EXERCISE DESCRIPTION -> Everything in the listing should be transcribed exactly, apart from the pictures.

INFORMATION GIVEN ->

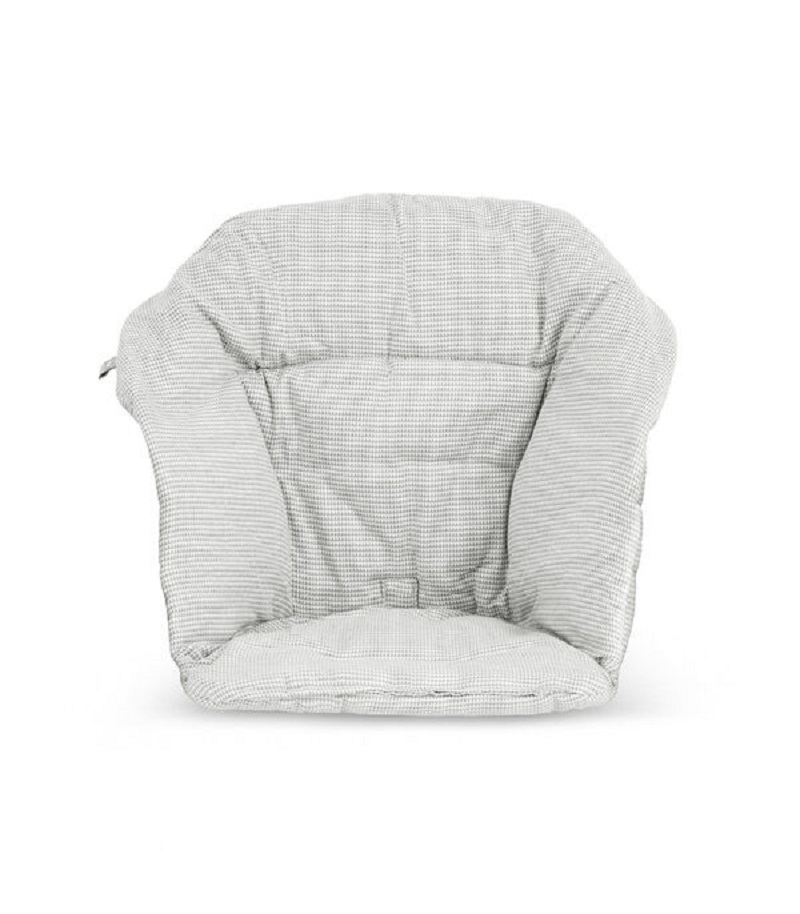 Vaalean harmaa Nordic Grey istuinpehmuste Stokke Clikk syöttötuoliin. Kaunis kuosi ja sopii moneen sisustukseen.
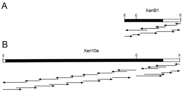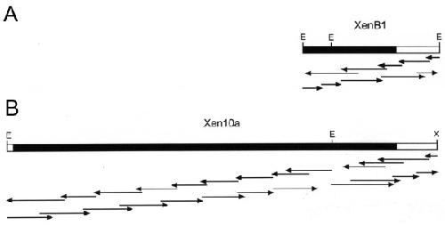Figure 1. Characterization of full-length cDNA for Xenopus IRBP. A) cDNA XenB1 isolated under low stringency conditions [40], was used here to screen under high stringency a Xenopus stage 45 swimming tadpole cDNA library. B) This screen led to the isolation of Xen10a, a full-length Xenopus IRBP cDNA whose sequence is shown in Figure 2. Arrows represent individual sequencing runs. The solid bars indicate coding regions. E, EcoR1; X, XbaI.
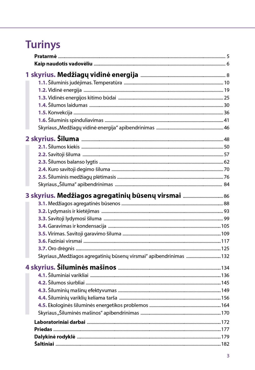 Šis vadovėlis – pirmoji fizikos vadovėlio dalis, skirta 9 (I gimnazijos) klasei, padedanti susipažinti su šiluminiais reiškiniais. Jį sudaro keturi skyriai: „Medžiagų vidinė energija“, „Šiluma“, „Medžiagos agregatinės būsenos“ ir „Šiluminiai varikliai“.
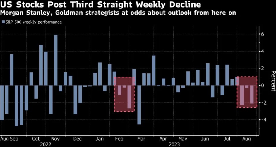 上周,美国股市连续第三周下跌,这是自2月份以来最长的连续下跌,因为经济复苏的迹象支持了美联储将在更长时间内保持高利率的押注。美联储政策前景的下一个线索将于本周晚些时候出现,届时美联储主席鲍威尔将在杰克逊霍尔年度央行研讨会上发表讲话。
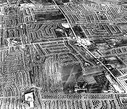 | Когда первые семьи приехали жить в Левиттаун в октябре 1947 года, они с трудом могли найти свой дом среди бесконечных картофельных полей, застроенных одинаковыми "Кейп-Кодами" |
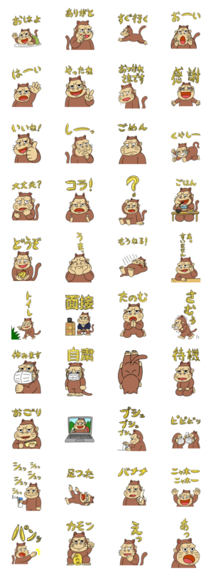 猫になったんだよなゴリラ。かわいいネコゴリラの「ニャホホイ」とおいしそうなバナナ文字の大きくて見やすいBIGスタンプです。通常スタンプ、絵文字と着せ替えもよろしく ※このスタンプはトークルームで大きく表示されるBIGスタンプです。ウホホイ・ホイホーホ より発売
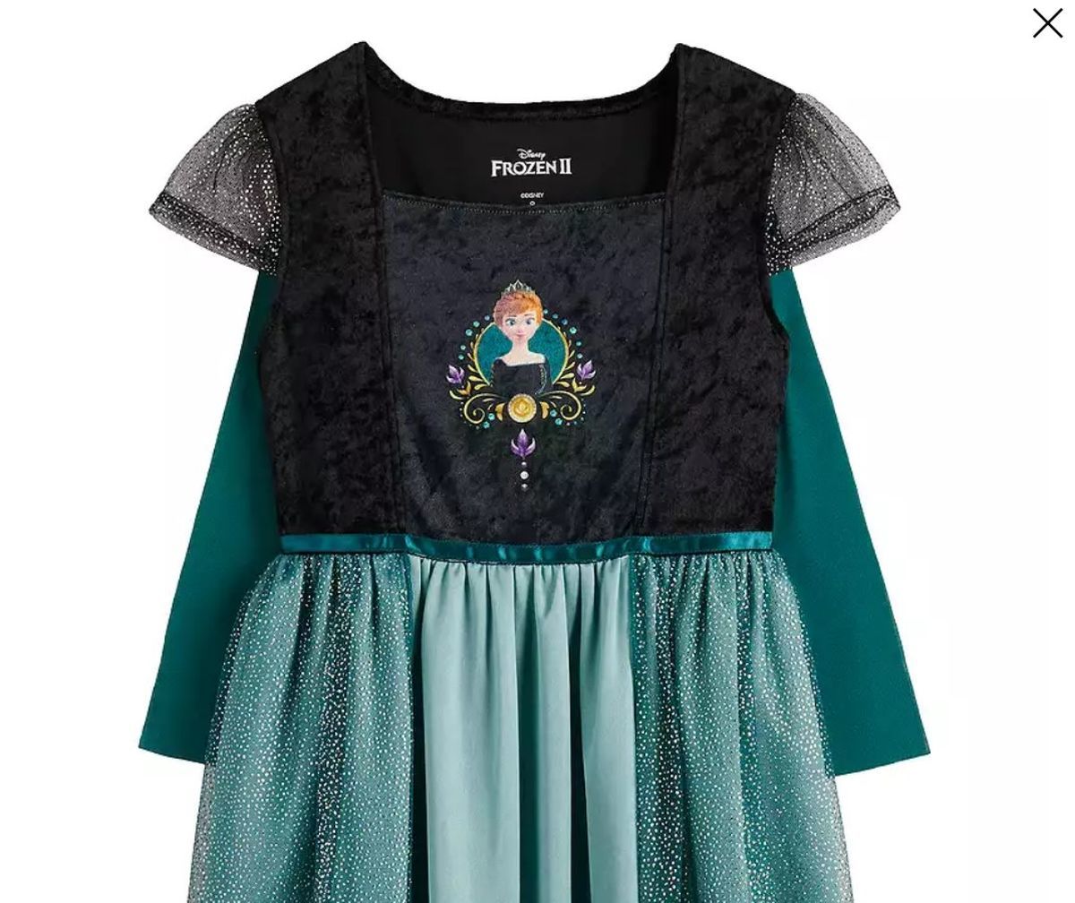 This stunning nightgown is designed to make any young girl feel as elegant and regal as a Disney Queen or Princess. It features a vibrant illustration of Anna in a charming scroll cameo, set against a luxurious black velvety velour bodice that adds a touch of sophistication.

REPLY ->
 Vaalean harmaa Nordic Grey istuinpehmuste Stokke Clikk syöttötuoliin. Kaunis kuosi ja sopii moneen sisustukseen.
Figure 1. Characterization of full-length cDNA for Xenopus IRBP. A) cDNA XenB1 isolated under low stringency conditions [40], was used here to screen under high stringency a Xenopus stage 45 swimming tadpole cDNA library. B) This screen led to the isolation of Xen10a, a full-length Xenopus IRBP cDNA whose sequence is shown in Figure 2. Arrows represent individual sequencing runs. The solid bars indicate coding regions. E, EcoR1; X, XbaI.
 Šis vadovėlis – pirmoji fizikos vadovėlio dalis, skirta 9 (I gimnazijos) klasei, padedanti susipažinti su šiluminiais reiškiniais. Jį sudaro keturi skyriai: „Medžiagų vidinė energija“, „Šiluma“, „Medžiagos agregatinės būsenos“ ir „Šiluminiai varikliai“.
 上周,美国股市连续第三周下跌,这是自2月份以来最长的连续下跌,因为经济复苏的迹象支持了美联储将在更长时间内保持高利率的押注。美联储政策前景的下一个线索将于本周晚些时候出现,届时美联储主席鲍威尔将在杰克逊霍尔年度央行研讨会上发表讲话。
 | Когда первые семьи приехали жить в Левиттаун в октябре 1947 года, они с трудом могли найти свой дом среди бесконечных картофельных полей, застроенных одинаковыми "Кейп-Кодами" |
 猫になったんだよなゴリラ。かわいいネコゴリラの「ニャホホイ」とおいしそうなバナナ文字の大きくて見やすいBIGスタンプです。通常スタンプ、絵文字と着せ替えもよろしく ※このスタンプはトークルームで大きく表示されるBIGスタンプです。ウホホイ・ホイホーホ より発売
 This stunning nightgown is designed to make any young girl feel as elegant and regal as a Disney Queen or Princess. It features a vibrant illustration of Anna in a charming scroll cameo, set against a luxurious black velvety velour bodice that adds a touch of sophistication.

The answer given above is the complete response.